Similar to how John Carmack put the grunt of the Rage engine into the megatexture compilation? the dread editor could have similar 'smart' decimation of doom maps to make a version of them playable.
@@KKAltair - I certainly think that the geometry of a doom map, while not optimal for performance on an amiga? would be convertible - and a lot of the right textures could be put in the right places - even if it then requires manual work to get things looking nice. certainly a doom map could be 'imported' into the dread editor as a 'best fit' and then be manually edited from there - if you could do the texture reconstruction/conversion legwork? I'm sure map makers would be happy to then fix up maps as a showcase etc etc
@@JohnnyWednesday The ability to construct textures from patches is planned. :)
But at this point, textures are just part of map data (like in Quake), so each map can roll its own.
They usually take about 64k-80k uncompressed, so it's not a huge deal.
Hi. For some m variety how about * monsters sometimes turning on each other, * jumping down from higher platforms on you, and * hiding, but still shooting, from behind small barrels ..
How many frames on The A500 mini?
Probably the same performance, assuming it's running WinUAE.

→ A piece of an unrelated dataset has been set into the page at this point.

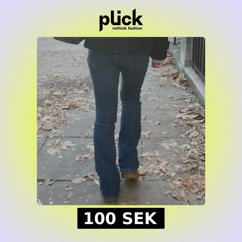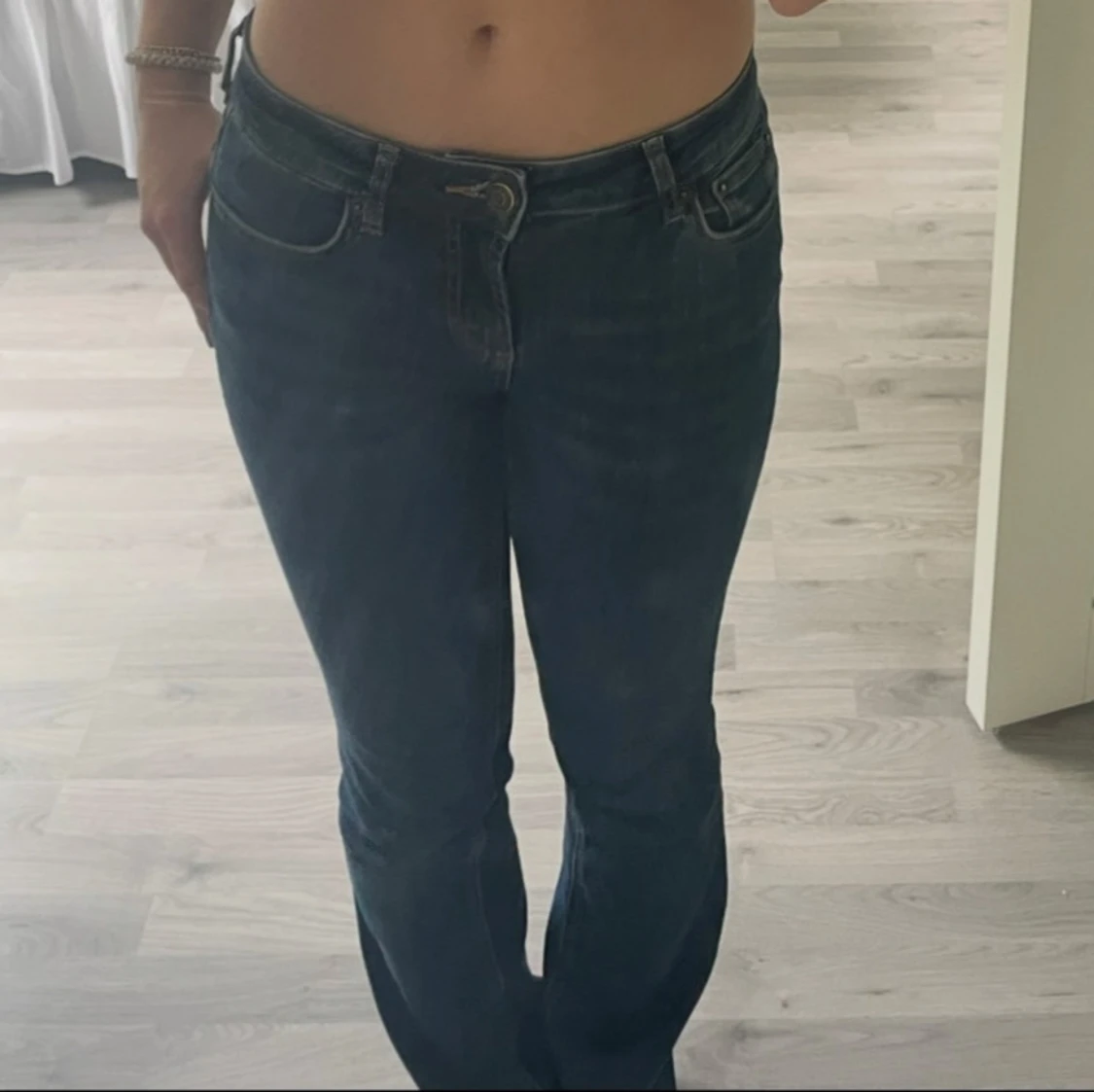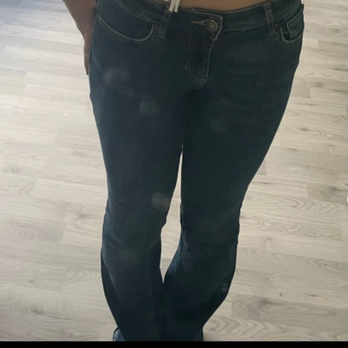 Säljer blå bootcut jeans med låg midja. Har ett litet hål i fickan men inget som stör och hålet går bara igenom till fickan man ser alltså inte igenom hela jeansen🥰

You'll have to connect keyboard and mouse, though.
Who would win in a fight, Dreadguy or Gloomguy?
Sega Genesis port?
It might happen eventually ;)
I would love to! :)
But at this point the code is too dirty, does not have clean RAM/ROM separation and uses a bit of self-modifying code.

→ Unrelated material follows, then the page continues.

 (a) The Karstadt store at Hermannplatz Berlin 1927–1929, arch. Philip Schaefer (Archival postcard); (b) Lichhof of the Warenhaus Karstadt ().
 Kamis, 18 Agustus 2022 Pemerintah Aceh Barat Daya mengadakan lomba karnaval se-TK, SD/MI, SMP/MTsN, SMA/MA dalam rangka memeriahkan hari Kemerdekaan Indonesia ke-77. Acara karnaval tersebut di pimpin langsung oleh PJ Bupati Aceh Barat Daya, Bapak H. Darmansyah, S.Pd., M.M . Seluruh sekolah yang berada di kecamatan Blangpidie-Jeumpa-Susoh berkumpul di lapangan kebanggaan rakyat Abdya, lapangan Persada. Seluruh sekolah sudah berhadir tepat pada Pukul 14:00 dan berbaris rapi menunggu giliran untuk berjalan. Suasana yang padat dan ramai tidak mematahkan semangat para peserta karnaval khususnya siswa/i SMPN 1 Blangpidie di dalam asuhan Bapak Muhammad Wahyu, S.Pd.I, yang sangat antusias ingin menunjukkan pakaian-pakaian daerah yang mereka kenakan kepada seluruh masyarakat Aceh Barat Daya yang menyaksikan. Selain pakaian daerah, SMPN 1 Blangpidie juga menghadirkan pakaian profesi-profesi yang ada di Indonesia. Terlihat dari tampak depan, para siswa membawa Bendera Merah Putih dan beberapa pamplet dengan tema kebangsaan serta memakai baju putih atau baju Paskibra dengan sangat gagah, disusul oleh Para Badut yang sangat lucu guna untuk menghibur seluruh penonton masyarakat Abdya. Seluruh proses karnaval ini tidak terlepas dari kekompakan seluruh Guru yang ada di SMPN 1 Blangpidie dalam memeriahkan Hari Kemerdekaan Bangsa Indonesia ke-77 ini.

Also I dread (pun intended) the idea of fitting in 64k RAM (not counting VRAM). :)
But I would love to try, anyway - once the code base gets most features in and is stable enough.
:D
Shotgun wyglada marnie, psuje caly odbior grafiki
I wish I bought a PAL Amiga 1200 off eBay 4 years ago… I guess they are getting extremely rare?
In early 2020, I bought my Amiga 1200 (with Rev 1D1 motherboard) as "sold for parts" from eBay since the seller found it in the roof attic. The seller thought A1200's "drive clicking" was a faulty machine.

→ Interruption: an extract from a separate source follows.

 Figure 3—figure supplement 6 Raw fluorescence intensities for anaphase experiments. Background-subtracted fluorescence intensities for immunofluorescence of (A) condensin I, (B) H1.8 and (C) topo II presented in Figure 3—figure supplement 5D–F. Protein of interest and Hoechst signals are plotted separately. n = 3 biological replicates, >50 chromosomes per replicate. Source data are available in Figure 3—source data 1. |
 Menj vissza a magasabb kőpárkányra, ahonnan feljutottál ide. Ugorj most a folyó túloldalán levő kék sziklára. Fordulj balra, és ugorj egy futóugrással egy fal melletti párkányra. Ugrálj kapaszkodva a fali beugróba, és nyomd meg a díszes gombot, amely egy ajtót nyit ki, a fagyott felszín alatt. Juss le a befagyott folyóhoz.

@@valenrn8657 Hmm... good idea... Buy one and repair it? I can do that. lol I didn't think about that. Thanks man. I love repairing computers.
@@4kdemoscene It was the seller being ignorant about Amigas. The "drive clicking" is associated with hard disk drive failure.
@@valenrn8657 Exactly! lol
@@4kdemoscene FYI, Amiga 500 can be enhanced with PiStorm+Pi 3a+Emu68K (with more than 800 MIPS) that also includes P96 RTG (via Broadcom VideoCore IV iGPU).
My 1989-era Amiga 500 Rev 6A with PiStorm+Pi 3a+Emu68 blows away my Amiga 1200 with TF1260 (68060 Rev 1 @ 62.5 Mhz) i.e. it's like a high clock speed Pentium II vs early Pentium 60.
I used Pi 3a to update the firmware for TF1260.
this is witch craft
Did you figure out some new Amiga C2P technique to nake this project possible?